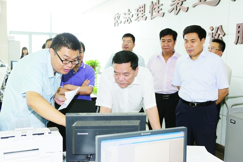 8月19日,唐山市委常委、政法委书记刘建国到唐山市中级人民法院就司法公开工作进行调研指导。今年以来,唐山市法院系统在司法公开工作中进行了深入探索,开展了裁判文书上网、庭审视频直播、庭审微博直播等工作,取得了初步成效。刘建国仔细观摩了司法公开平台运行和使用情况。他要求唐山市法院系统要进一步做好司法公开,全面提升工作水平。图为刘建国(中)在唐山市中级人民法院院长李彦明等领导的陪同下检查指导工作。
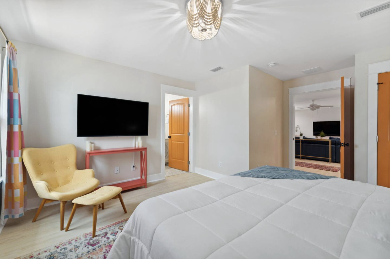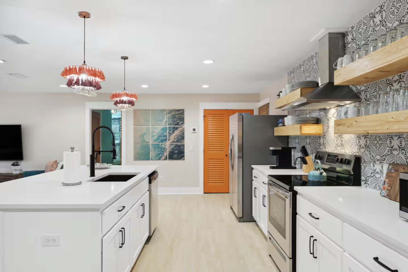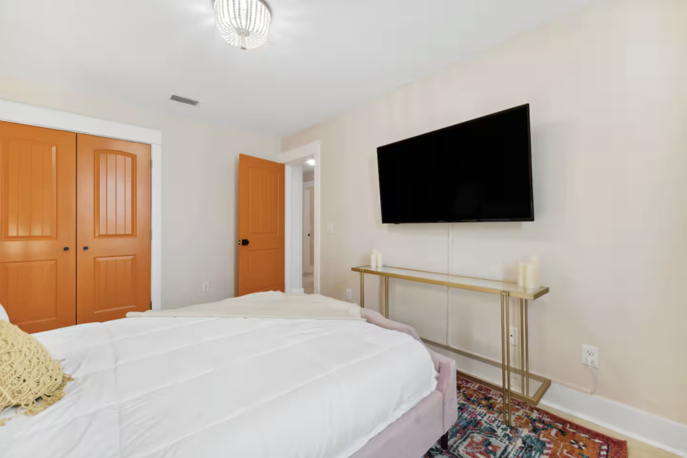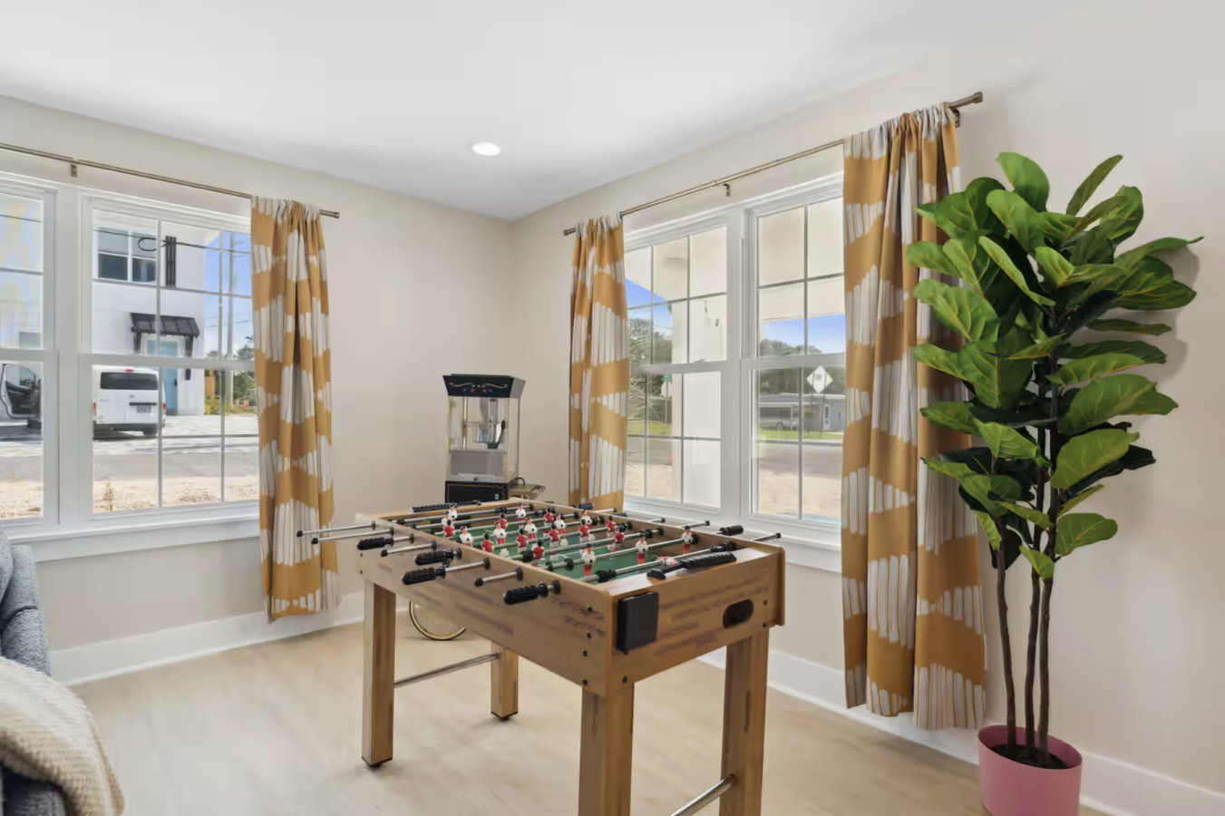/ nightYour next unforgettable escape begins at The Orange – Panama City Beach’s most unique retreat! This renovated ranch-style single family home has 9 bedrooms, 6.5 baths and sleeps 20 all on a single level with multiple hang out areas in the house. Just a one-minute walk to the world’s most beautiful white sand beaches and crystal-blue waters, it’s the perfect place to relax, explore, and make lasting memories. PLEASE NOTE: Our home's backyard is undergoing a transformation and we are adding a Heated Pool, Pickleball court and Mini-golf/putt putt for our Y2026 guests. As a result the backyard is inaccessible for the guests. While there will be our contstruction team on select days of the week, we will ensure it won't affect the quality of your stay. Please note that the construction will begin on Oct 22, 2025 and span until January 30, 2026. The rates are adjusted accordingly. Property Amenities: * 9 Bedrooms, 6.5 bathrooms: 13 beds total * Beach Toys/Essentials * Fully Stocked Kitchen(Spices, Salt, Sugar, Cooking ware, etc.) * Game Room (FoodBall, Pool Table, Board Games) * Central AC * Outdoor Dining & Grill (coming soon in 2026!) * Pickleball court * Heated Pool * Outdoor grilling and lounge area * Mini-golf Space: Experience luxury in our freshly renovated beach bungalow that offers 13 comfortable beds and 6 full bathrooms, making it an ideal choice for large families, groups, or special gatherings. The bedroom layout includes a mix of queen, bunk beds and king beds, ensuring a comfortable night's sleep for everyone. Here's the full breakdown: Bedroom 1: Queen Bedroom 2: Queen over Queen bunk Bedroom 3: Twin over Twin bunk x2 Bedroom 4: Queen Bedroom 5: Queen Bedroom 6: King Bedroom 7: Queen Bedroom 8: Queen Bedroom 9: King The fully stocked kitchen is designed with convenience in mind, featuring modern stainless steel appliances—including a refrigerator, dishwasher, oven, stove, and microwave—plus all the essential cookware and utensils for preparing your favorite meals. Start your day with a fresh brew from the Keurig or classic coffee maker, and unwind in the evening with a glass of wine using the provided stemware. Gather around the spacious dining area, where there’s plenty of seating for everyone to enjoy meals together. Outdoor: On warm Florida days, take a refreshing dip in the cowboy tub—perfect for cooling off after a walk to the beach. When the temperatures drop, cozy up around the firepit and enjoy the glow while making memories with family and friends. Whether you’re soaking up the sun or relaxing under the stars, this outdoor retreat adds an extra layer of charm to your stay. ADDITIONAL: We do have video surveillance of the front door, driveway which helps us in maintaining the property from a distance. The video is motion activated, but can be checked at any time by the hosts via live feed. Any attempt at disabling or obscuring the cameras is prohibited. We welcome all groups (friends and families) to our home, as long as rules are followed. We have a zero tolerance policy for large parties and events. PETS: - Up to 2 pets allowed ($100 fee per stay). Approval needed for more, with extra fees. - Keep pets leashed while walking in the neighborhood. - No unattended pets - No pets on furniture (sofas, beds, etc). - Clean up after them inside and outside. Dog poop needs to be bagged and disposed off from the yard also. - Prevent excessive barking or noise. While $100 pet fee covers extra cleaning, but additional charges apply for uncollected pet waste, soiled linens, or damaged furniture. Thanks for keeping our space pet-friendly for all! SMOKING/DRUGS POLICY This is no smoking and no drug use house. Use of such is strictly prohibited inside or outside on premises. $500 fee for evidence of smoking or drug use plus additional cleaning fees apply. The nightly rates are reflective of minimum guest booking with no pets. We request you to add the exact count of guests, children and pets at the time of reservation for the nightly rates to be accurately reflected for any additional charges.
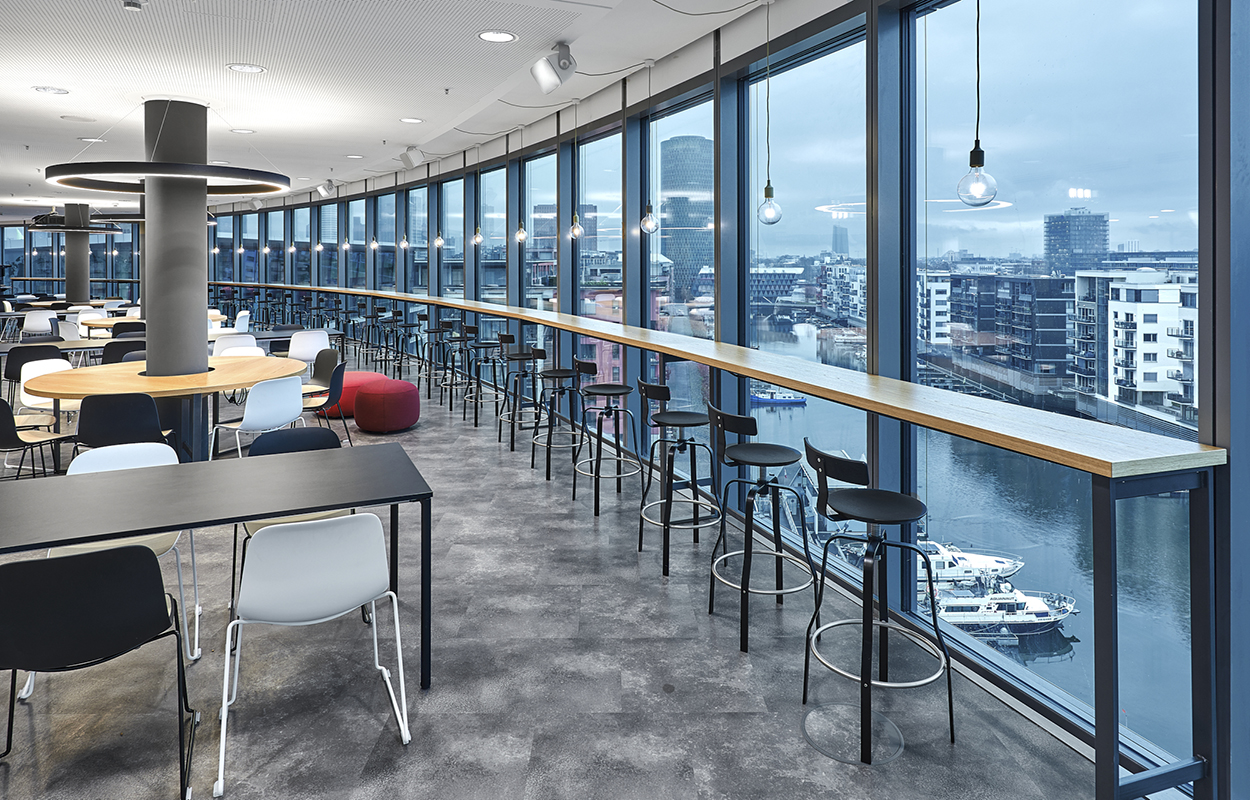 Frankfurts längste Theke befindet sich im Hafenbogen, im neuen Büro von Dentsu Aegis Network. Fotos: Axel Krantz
==
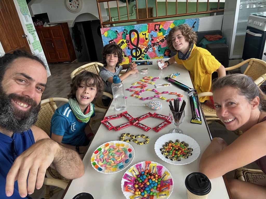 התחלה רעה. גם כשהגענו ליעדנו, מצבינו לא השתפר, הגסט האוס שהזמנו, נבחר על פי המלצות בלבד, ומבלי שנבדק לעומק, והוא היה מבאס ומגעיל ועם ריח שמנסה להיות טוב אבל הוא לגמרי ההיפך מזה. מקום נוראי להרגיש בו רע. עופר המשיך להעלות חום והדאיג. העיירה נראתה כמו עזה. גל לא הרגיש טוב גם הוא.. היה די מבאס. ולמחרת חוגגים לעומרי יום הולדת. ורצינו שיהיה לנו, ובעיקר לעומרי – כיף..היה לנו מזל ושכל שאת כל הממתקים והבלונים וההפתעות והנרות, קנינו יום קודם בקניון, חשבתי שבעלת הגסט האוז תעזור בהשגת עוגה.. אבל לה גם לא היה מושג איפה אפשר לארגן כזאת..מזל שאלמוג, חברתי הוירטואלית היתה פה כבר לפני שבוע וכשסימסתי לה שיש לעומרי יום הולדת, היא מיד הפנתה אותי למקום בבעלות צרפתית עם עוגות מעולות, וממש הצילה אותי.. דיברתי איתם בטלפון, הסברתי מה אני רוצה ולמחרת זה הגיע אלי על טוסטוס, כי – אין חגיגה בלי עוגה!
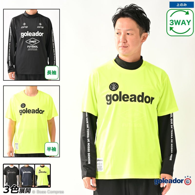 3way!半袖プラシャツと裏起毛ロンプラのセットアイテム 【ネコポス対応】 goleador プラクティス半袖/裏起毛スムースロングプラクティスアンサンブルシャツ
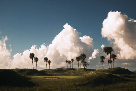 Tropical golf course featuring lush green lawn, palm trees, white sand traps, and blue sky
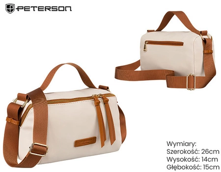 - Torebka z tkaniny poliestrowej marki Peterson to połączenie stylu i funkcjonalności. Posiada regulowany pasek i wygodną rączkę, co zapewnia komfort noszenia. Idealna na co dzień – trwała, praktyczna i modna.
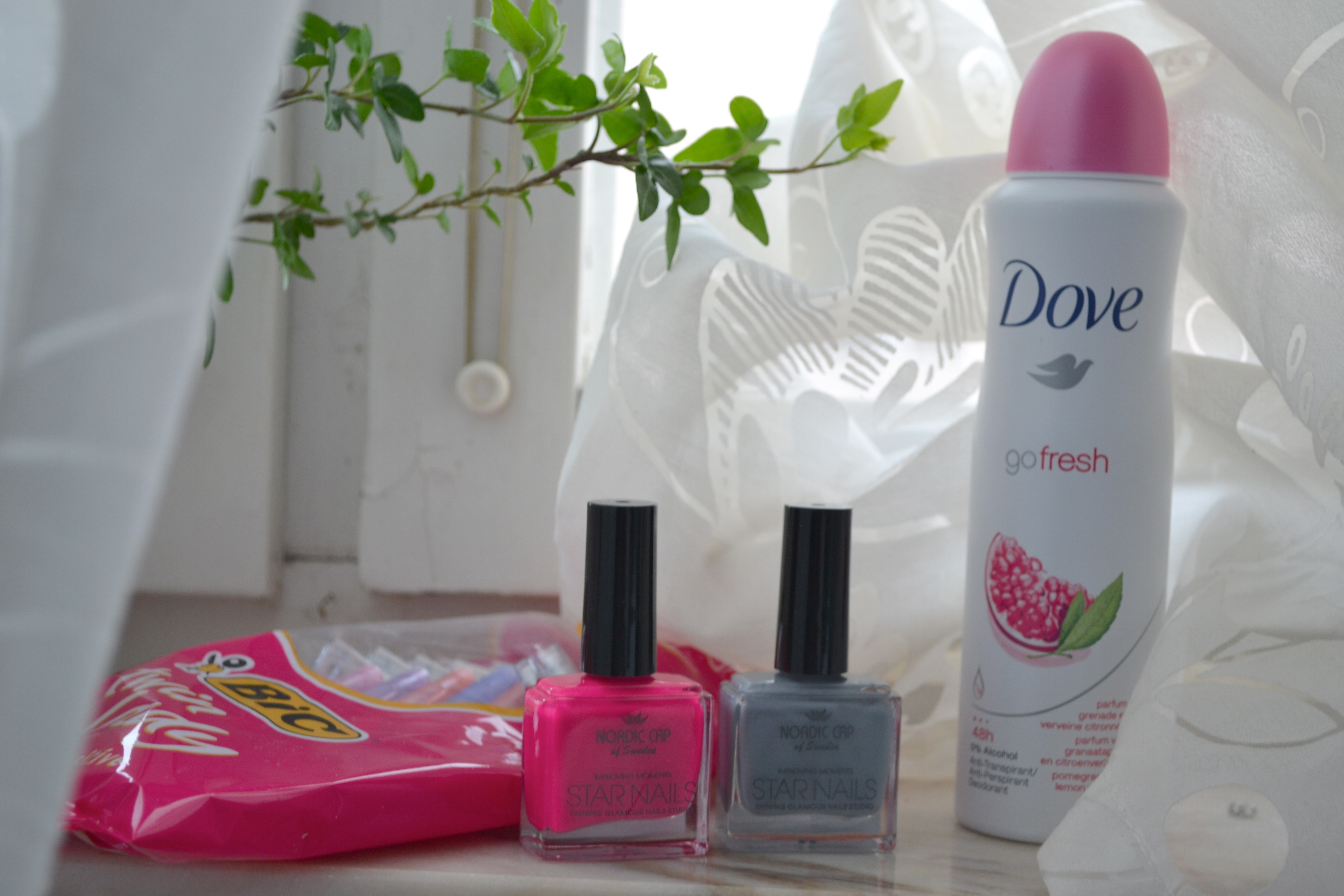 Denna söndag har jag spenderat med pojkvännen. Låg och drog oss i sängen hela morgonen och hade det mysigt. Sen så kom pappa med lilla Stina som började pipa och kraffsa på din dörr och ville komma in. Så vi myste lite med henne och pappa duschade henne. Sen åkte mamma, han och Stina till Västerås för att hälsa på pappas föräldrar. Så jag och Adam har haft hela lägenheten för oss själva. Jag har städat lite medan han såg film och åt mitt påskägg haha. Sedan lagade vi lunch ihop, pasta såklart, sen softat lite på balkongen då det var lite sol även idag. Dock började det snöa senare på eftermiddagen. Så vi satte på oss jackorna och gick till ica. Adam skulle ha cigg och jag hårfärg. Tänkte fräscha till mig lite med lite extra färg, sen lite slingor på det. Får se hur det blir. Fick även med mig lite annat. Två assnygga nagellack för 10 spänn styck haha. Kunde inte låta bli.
--
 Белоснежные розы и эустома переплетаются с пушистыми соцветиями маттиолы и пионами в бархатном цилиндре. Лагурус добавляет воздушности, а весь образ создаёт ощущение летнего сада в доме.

→ REQUIREMENT
Above, find the line holding "3way!半袖プラシャツと裏起毛ロンプラのセットアイテム 【ネコポス対応】 goleador" and the line holding "- Torebka z". Print exactly those two lines and every line between them, but no pictures.

→ ANSWER SPACE
 3way!半袖プラシャツと裏起毛ロンプラのセットアイテム 【ネコポス対応】 goleador プラクティス半袖/裏起毛スムースロングプラクティスアンサンブルシャツ
 Tropical golf course featuring lush green lawn, palm trees, white sand traps, and blue sky
 - Torebka z tkaniny poliestrowej marki Peterson to połączenie stylu i funkcjonalności. Posiada regulowany pasek i wygodną rączkę, co zapewnia komfort noszenia. Idealna na co dzień – trwała, praktyczna i modna.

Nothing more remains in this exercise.